WHAT IS BEING ASKED> The reply should reproduce every line of the data below word for word, minus any images.

(Entries taken from a collection)
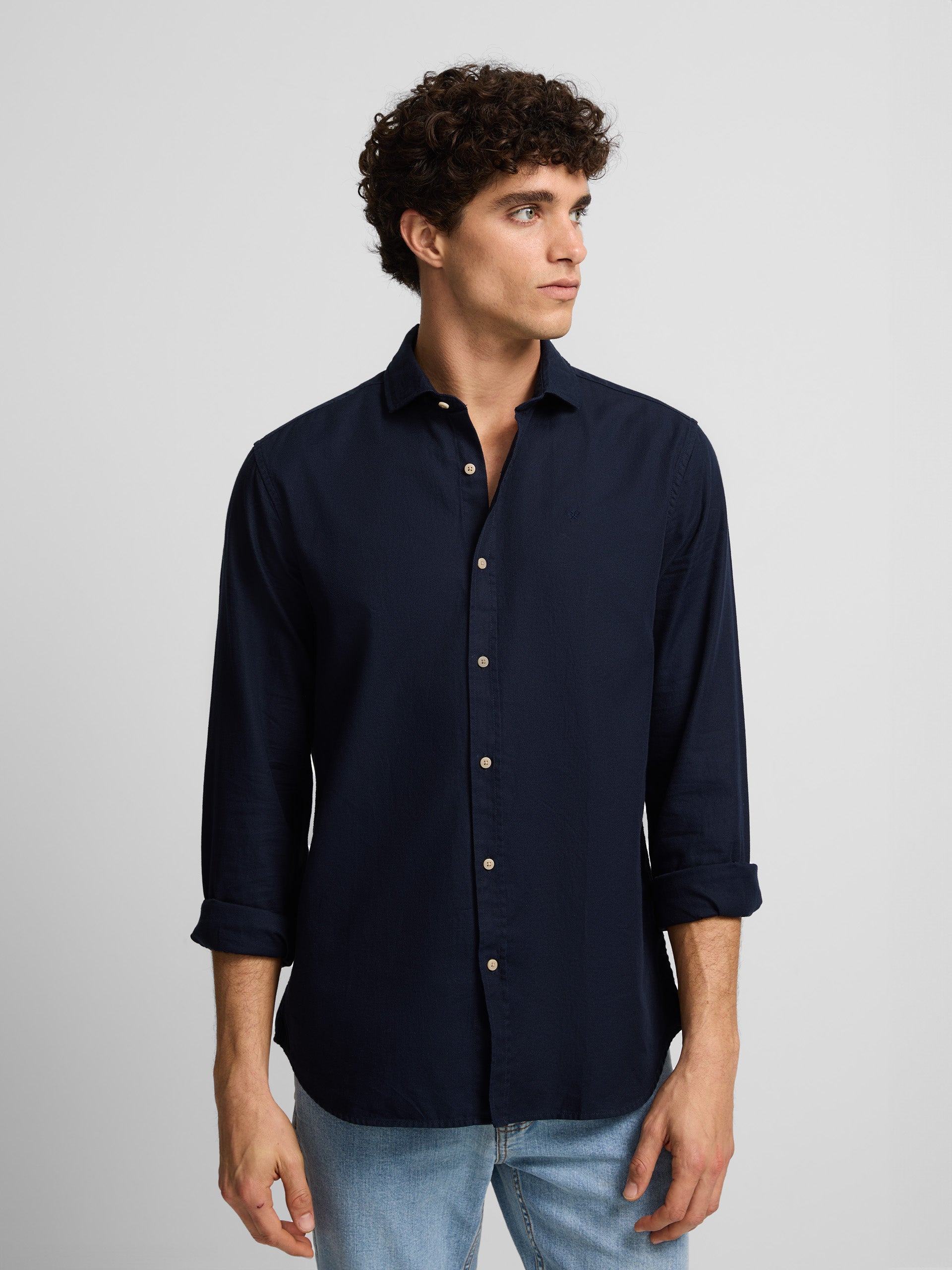 Navy blue mini-structure sport shirt
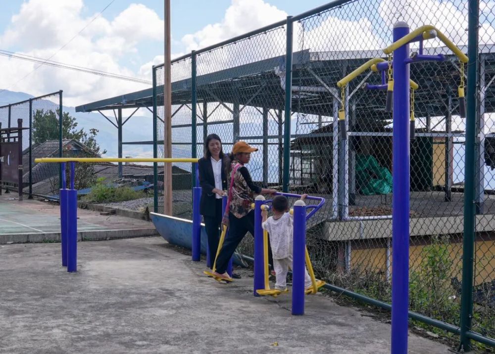 清晨的薄霧還纏在曼亨村的山尖上,娜飛的膠鞋已經(jīng)沾了一圈露水。她踩著沉實(shí)的腳步往曼亨村六組的球場走,遠(yuǎn)遠(yuǎn)就看見村民娜布正帶著小孫子在健身器材上晃悠,銀鈴般的笑聲裹著山風(fēng)飄過來。
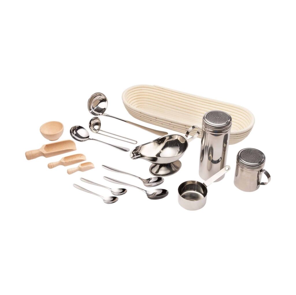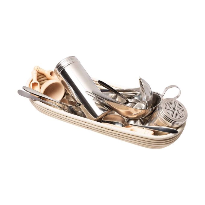 Mit den enthaltenen 2 Streuern, 1 Sauciere, 5 Löffeln in verschiedenen Größen, 3 Schöpfern und 3 Schäufelchen können die Kinder ihrer Fantasie freien Lauf lassen und unterschiedliche Aktivitäten im Sand oder anderen Materialien ausprobieren. Das Schüsselchen und der Aufbewahrungskorb sorgen zudem für eine praktische und ordentliche Aufbewahrung der Utensilien, sodass alles jederzeit griffbereit ist.
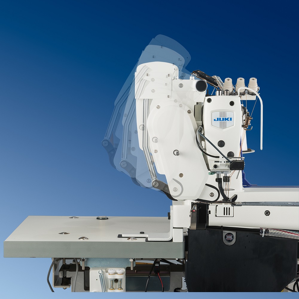 Thông qua các cải tiến đối với việc giảm thiểu khả năng uốn cong bằng cách giảm lượng cấp liệu khi kim xuyên qua vật liệu. Kết quả là, sợi chỉ trên được giữ lại một cách an toàn để đảm bảo sự hình thành vòng lặp ổn định, do đó cho phép móc chỉ bắt được sợi chỉ và tạo ra các đường may mà không bị lỗi. Ngoài ra, bộ bảo vệ kim di chuyển ngược giúp cho vật liệu dày được may trơn tru, ngăn ngừa bỏ mũi
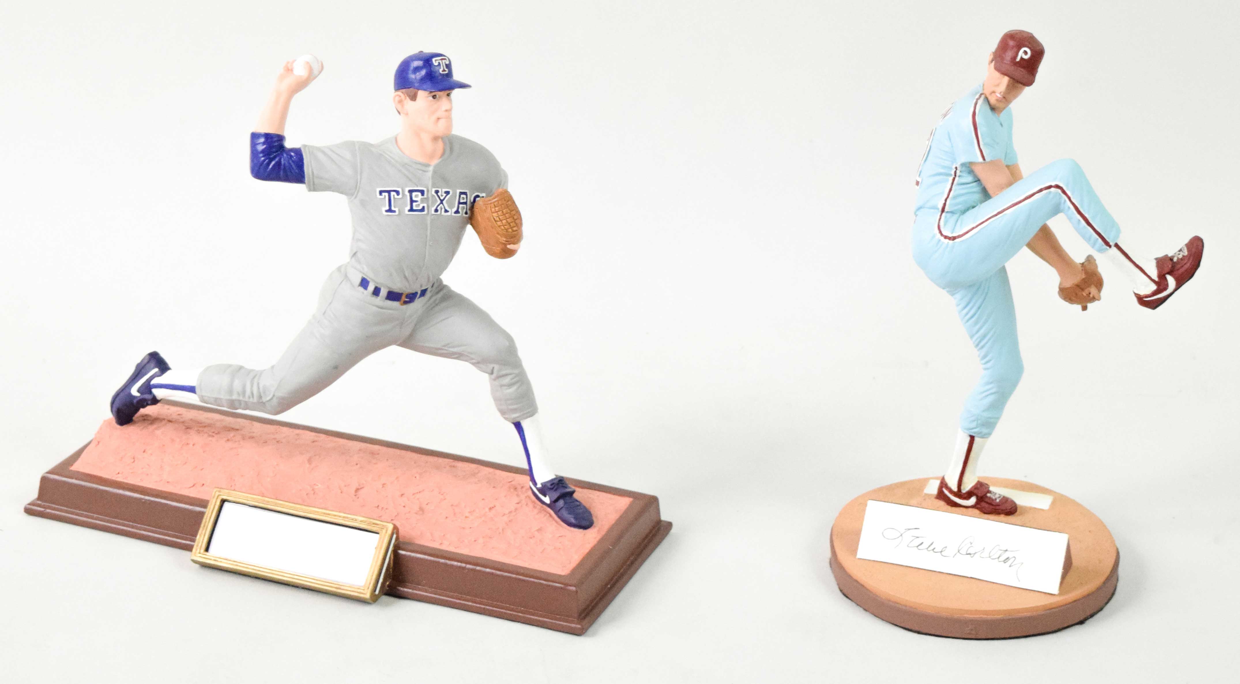 Description:Nolan Ryan and Steve Carlton autographed figures (NM) Includes Nolan Ryan by Sports Impressions and Steve Carlton by Gartlan. Each signed on the base rating 8 to 9 out of 10. Little mentionable wear. Includes original boxes: NM
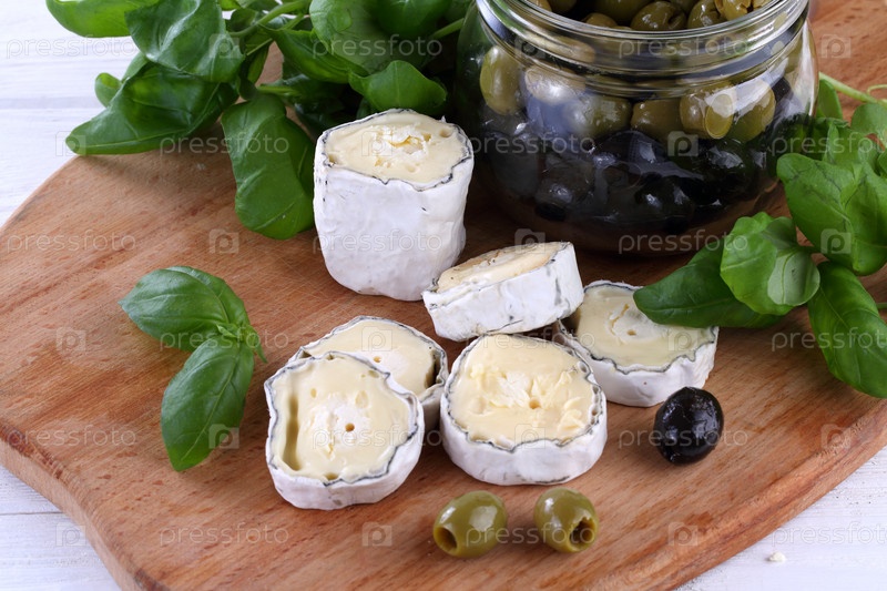 Натюрморт с сыром сент мор де турен с маслинами на белом фоне
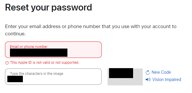 and when i go to unlock the account at https://iforgot.apple.com/ , i get "This Apple ID is not valid or not supported"

OUTPUT FOR THIS TASK>
 Navy blue mini-structure sport shirt
 清晨的薄霧還纏在曼亨村的山尖上,娜飛的膠鞋已經(jīng)沾了一圈露水。她踩著沉實(shí)的腳步往曼亨村六組的球場走,遠(yuǎn)遠(yuǎn)就看見村民娜布正帶著小孫子在健身器材上晃悠,銀鈴般的笑聲裹著山風(fēng)飄過來。
 Mit den enthaltenen 2 Streuern, 1 Sauciere, 5 Löffeln in verschiedenen Größen, 3 Schöpfern und 3 Schäufelchen können die Kinder ihrer Fantasie freien Lauf lassen und unterschiedliche Aktivitäten im Sand oder anderen Materialien ausprobieren. Das Schüsselchen und der Aufbewahrungskorb sorgen zudem für eine praktische und ordentliche Aufbewahrung der Utensilien, sodass alles jederzeit griffbereit ist.
 Thông qua các cải tiến đối với việc giảm thiểu khả năng uốn cong bằng cách giảm lượng cấp liệu khi kim xuyên qua vật liệu. Kết quả là, sợi chỉ trên được giữ lại một cách an toàn để đảm bảo sự hình thành vòng lặp ổn định, do đó cho phép móc chỉ bắt được sợi chỉ và tạo ra các đường may mà không bị lỗi. Ngoài ra, bộ bảo vệ kim di chuyển ngược giúp cho vật liệu dày được may trơn tru, ngăn ngừa bỏ mũi
 Description:Nolan Ryan and Steve Carlton autographed figures (NM) Includes Nolan Ryan by Sports Impressions and Steve Carlton by Gartlan. Each signed on the base rating 8 to 9 out of 10. Little mentionable wear. Includes original boxes: NM
 Натюрморт с сыром сент мор де турен с маслинами на белом фоне
 and when i go to unlock the account at https://iforgot.apple.com/ , i get "This Apple ID is not valid or not supported"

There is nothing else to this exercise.